Run large language models entirely on-device in Unreal Engine - offline, cross-platform, powered by llama.cpp
Run GGUF-format LLMs (Llama, Mistral, Phi, Gemma, Qwen, TinyLlama, and more) directly within your Unreal Engine project with no internet connection, no API keys, and no cloud dependencies at runtime. The plugin wraps llama.cpp with a full Blueprint and C++ API, load models, send messages, and receive token-by-token streamed responses, all on a background thread with game-thread callbacks.
Quick links:
Packaged Demo Project (Windows)
Documentation
YouTube video demonstration
Discord support chat
Plugin Support & Custom Development: solutions@georgy.dev (tailored solutions for teams & organizations)
Key features:
Core Capabilities:
- Complete offline inference: no cloud services or subscriptions required
- GGUF model support: load any GGUF-format model (Llama, Mistral, Phi, Gemma, Qwen, TinyLlama, etc.)

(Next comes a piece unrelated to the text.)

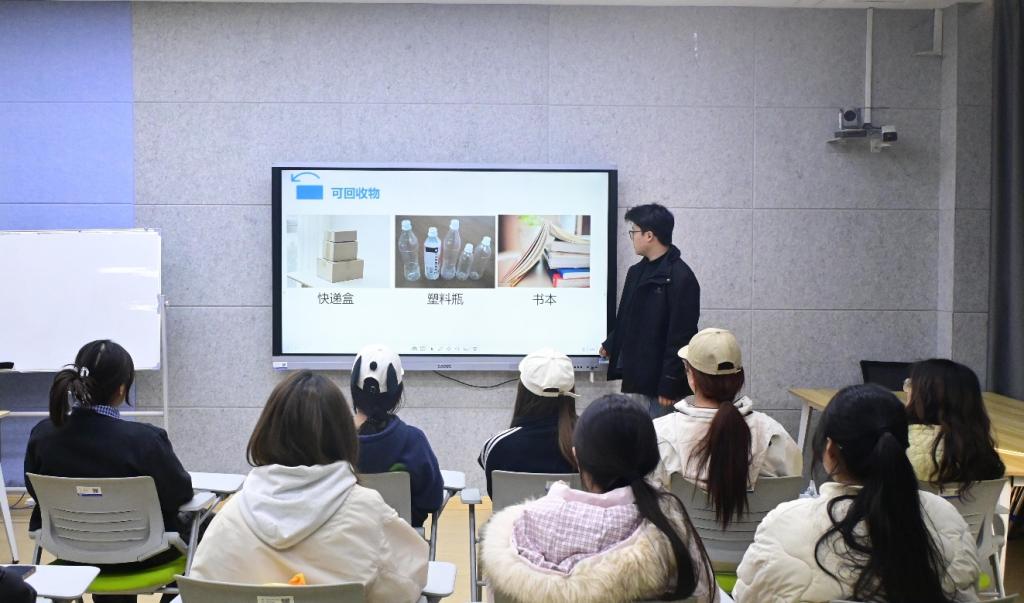 宣讲中,志愿者普及了垃圾分类知识,通过图文展示和互动问答,详细介绍了可回收物、有害垃圾、厨余垃圾和其他垃圾的分类标准与投放要求。同学们认真聆听,积极互动,进一步加深对垃圾分类重要性的认识。

- Up-to-date llama.cpp: updated regularly on Fab to keep pace with llama.cpp releases, so the latest GGUF model formats are always supported
- GPU acceleration: Vulkan on Windows and Linux, Metal on Mac and iOS, optimized CPU + intrinsics on Android and Meta Quest
- Cross-platform: Windows, Mac, Linux, Android (including Meta Quest), iOS
Model Loading & Management:
- Load by model name with a dropdown selector in Blueprints
- Load from local file path
- Download from URL and load automatically: skips download if the model already exists on disk
- Download-only mode for pre-caching models (e.g. on a loading screen or settings menu)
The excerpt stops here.